FIG. 6 is a perspective view of a stability component according to
the present invention.
FIG. 7 is a second perspective view of a stability component shown
in FIG. 6.
FIG. 8 is a top view of a stability component shown in FIG. 6.
FIG. 9 schematically illustrates the bottom view of a stability
component shown in FIG. 6.
FIG. 10 schematically illustrates the side view of a stability
component shown in FIG. 6.
FIG. 11 is a cross-sectional view generally along line 11--11 of
the stability component illustrated in FIG. 10.
FIG. 12 is a cross-sectional view generally along line 12--12 of
the stability component illustrated in FIG. 10.
FIG. 13 is a cross-sectional view generally along line 13--13 of
the stability component illustrated in FIG. 10.
FIG. 14 is a bottom view of the heel plate of the present
invention.
FIG. 15 is a lateral view of the heel plate shown in FIG. 14.
FIG. 16 is a medial view of the heel plate shown in FIG. 14.
FIG. 17 is a cross-sectional view along line 17--17 of the heel
plate illustrated in FIG. 14.
FIG. 18 is a cross-sectional view along line 18--18 of the heel
plate illustrated in FIG. 14.
FIG. 19 is a cross-sectional view along line 19--19 of the heel
plate illustrated in FIG. 14.
FIG. 20 is a top view of a stability component according to a first
alternate embodiment of the present invention.
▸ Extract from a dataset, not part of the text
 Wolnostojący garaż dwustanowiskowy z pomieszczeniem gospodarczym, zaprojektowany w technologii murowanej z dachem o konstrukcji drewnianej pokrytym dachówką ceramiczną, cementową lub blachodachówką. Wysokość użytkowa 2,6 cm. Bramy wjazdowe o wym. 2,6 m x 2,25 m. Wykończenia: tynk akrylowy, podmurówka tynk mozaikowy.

FIG. 21 is a cross-sectional view generally along line 21--21 of
the alternate stability component illustrated in FIG. 20.
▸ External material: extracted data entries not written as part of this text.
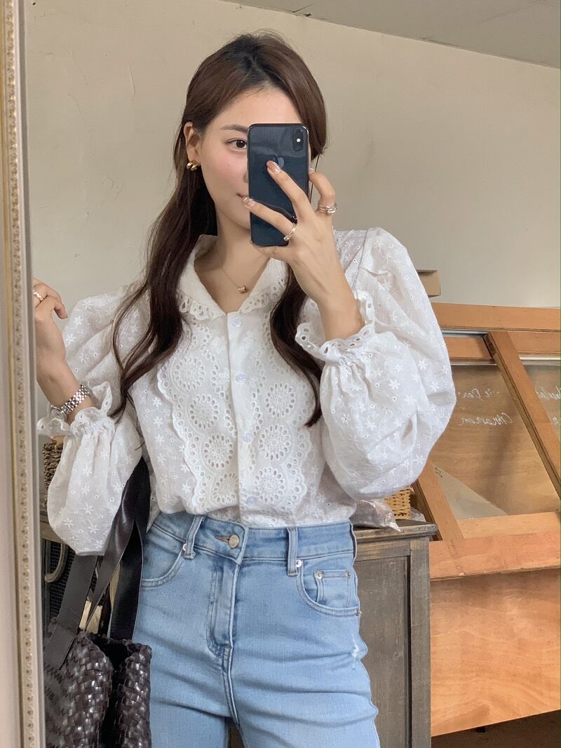 2023春INS★カジュアル 気質 透かし彫り シングルブレスト パフスリーブ シャツ/ブラウス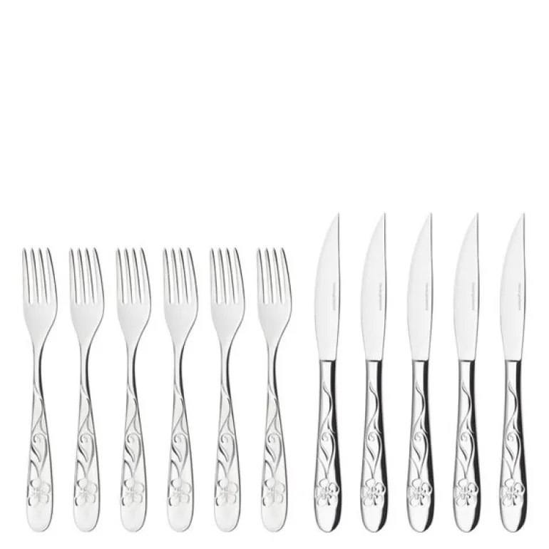 De seks biffknivene har fintagget knivblad som skjærer presist gjennom kjøtt, og de seks spisegaflene gir god balanse og grep. Knivene måler 23,4 cm og gaflene 21 cm. Produsert i slitesterkt 18/10 stål, tåler oppvaskmaskin og leveres i en stilfull gaveeske – perfekt for både hverdag og fest.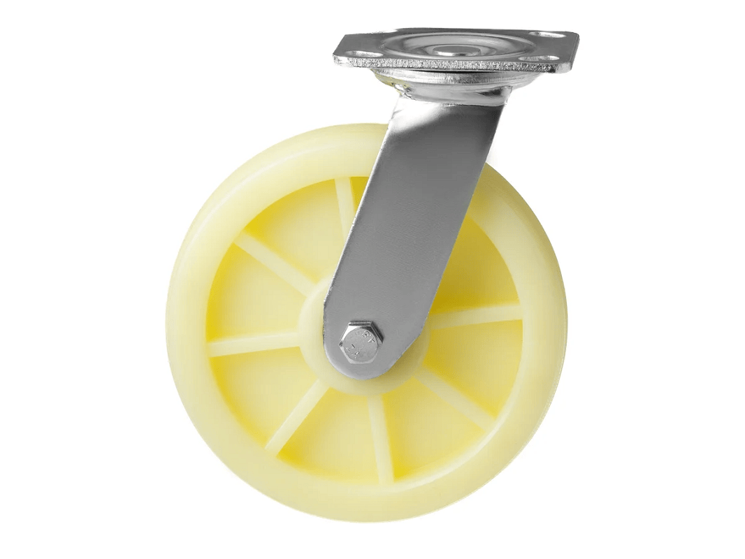 Нейлоновые колеса зачастую используются в торговых центрах и в медицинских учреждениях благодаря своим уникальным свойствам. Отсутствует износ при использовании на ровной поверхности, защита от коррозии благодаря оцинковке кронштейна. Использование в агрессивной химической среде (моющие средства, масла и т. п.).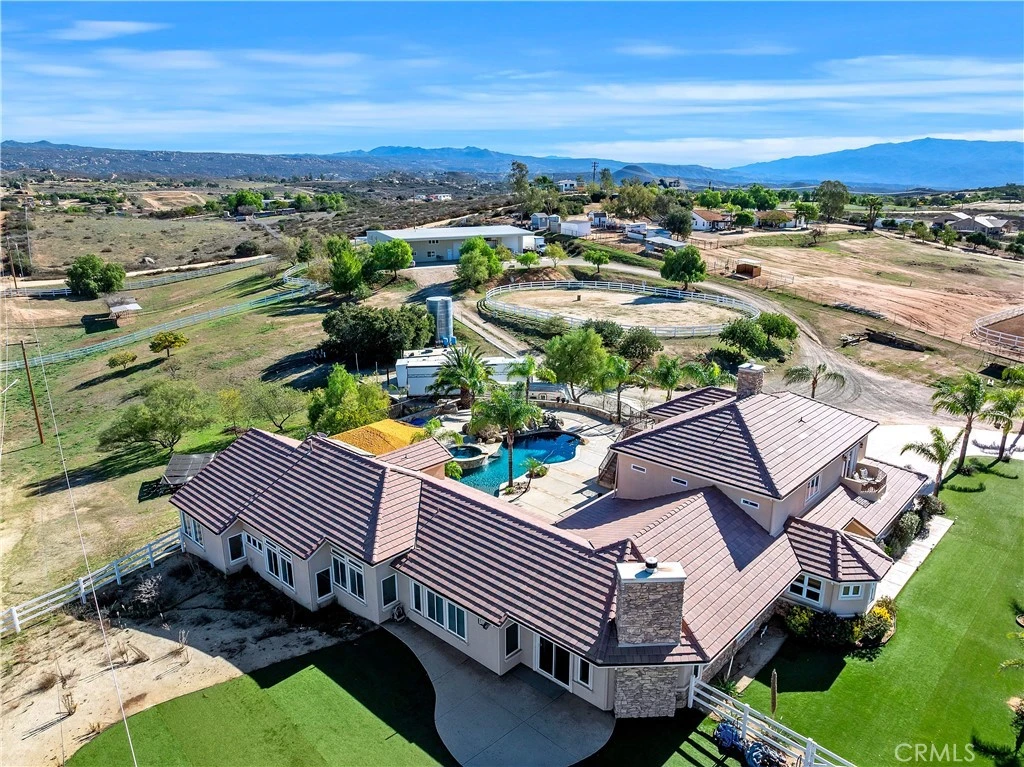 Perfectly situated for relaxed, luxurious Wine Country living, this custom estate includes both a stunning main residence and a spacious 2-bedroom guest house & massive RV garage. Set on nearly 5 acres with sweeping views. The primary home offers over 4,671 sq. ft. with a free-flowing floor plan, spacious bedrooms with vaulted and open-beam ceilings, rich wood flooring, and exceptional stone tile work throughout. The chefs kitchen impresses with stainless steel appliances, granite counters, double ovens, and a large walk-in pantryseamlessly opening to the warm, inviting family room highlighted by a dramatic floor-to-ceiling fireplace. The elegant primary suite is a retreat of its own, featuring a fireplace, wood-beamed ceilings, an expansive layout, and two private balconies overlooking Temecula Wine Country. The luxurious primary bath is beautifully appointed with dual sinks, a spa tub, walk-in closet, and refined finishes. An office with built-ins provides the perfect space to work from home. Step outside to your own private resort: a custom saltwater pool and spa with waterfall, slide, and diving board, plus an impressive outdoor kitchen complete with stainless steel appliances, refrigerator, granite counters, plasma TV, swim-up bar, fire pit, and custom tiki cover. The grounds are tastefully landscaped with extensive decking ideal for entertaining. A true equestrian estate, the property offers paddocks, covered turnouts, and a riding arena. The impressive workshop is paired with a HUGE RV garage, providing exceptional space for large coaches, car collections, or contractor equipment. Above the RV garage sits the full 2-bedroom, 1-bath guest house with kitchen and living roomideal for extended family, visitors, or income potential. An additional studio with its own bathroom offers space for a gym, office, or creative retreat. With paid solar and well water, this estate is both efficient and cost-effective, perfect for equestrians, contractors, car collectors, or anyone seeking the ultimate Temecula Wine Country lifestyle.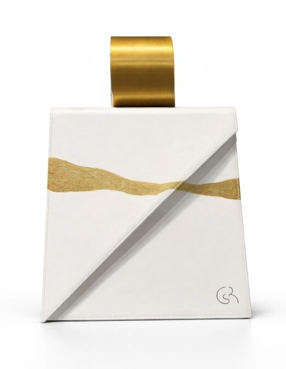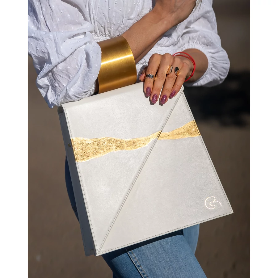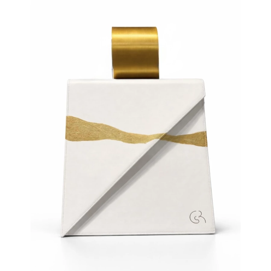 Geometrikus, letisztult formája nyugalmat sugároz, miközben a kézzel festett, arany árnyalatú motívum diszkrét hangsúlyt ad a felületnek. Ez a táska nem harsány – jelenléte mégis erős.

FIG. 22 is a cross-sectional view generally along line 22--22 of
the alternate stability component illustrated in FIG. 20.
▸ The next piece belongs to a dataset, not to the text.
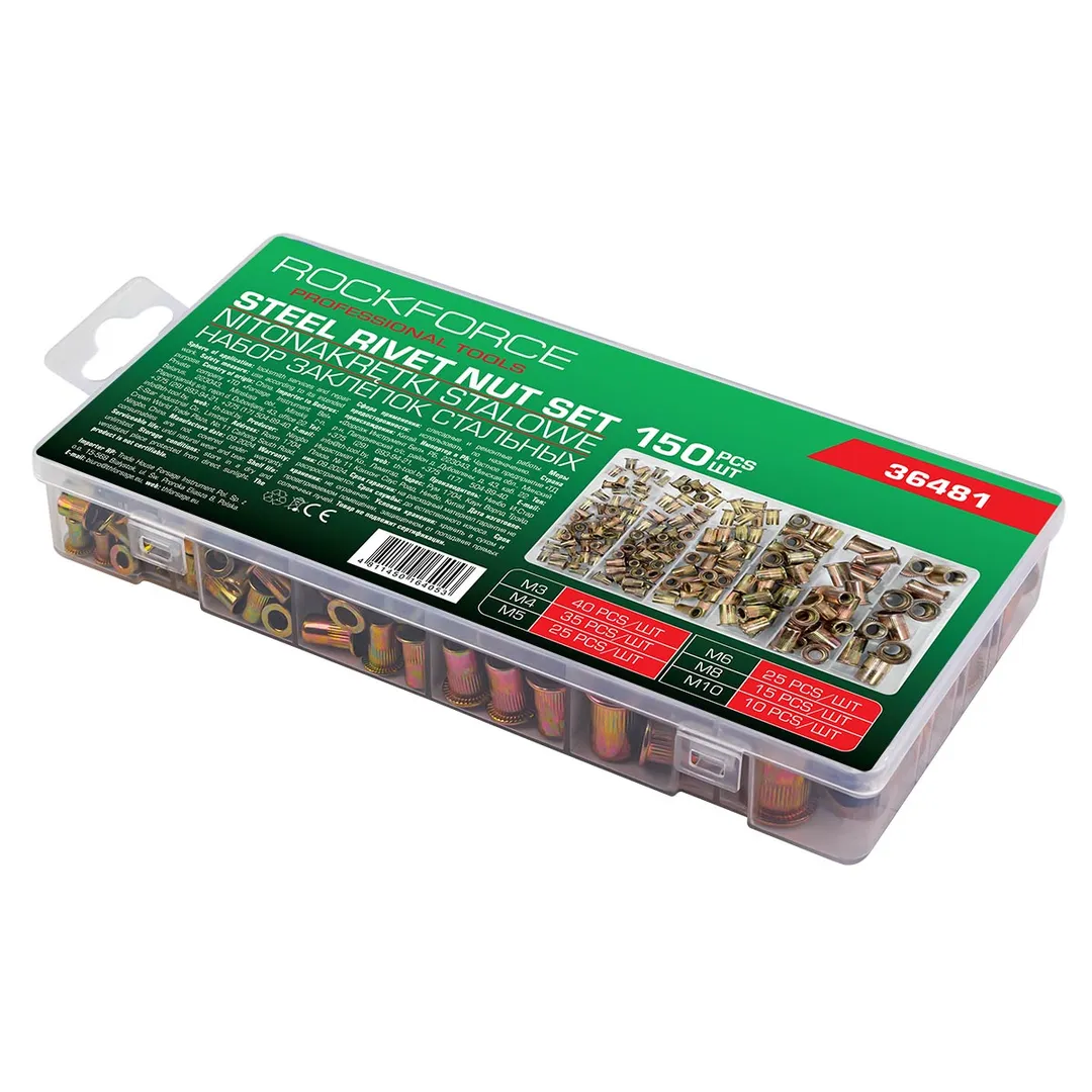 Набор резьбовых стальных заклепок М3-М10 150 шт RockForce RF-36481

FIG. 23 is a perspective view of a stability component according to
a second alternate embodiment of the present invention.
FIG. 24 is a top view of a stability component according to a
second alternate embodiment of the invention.
FIG. 25 is a medial view of a shoe including a sole according to a
third alternate embodiment of the present invention.
DETAILED DESCRIPTION OF THE INVENTION
Referring to the drawings, wherein like numerals indicate like
elements, an article of footwear in accordance with the present
invention is illustrated. The accompanying figures illustrate only
the article of footwear intended for use on the left foot of a
wearer. The preferred embodiment also includes a right article of
footwear, such footwear being the mirror image of the left.
With reference to FIGS. 3-5, a shoe including a sole according to
the present invention is depicted. Shoe 100 includes three primary
components: upper 102, heel plate 104, and sole 106. Sole 106 is
further comprised of support elements 108, consisting of columns
108a-108d and aft support 108e, base 110, base plate 112 (not
visible), and outsole 114. Upper 102 is attached to heel plate 104
in the aft portion of shoe 100 and outsole 114 in fore portions of
shoe 100. Heel plate 104 is affixed to the upper surface of support
elements 108. Underlying support elements 108, and formed integral
therewith, is base 110. Located between base 110 and outsole 114 is
base plate 112 as shown in FIG. 9. A cavity in sole 106 is defined
by the space between heel plate 104 and base 110 that is not
occupied by support elements 108.
FIGS. 6-13 depict support elements 108 and base 110 which are
molded as a single component in the preferred embodiment. In
alternate embodiments, support elements 108 may be formed
independently of base 110 and then attached.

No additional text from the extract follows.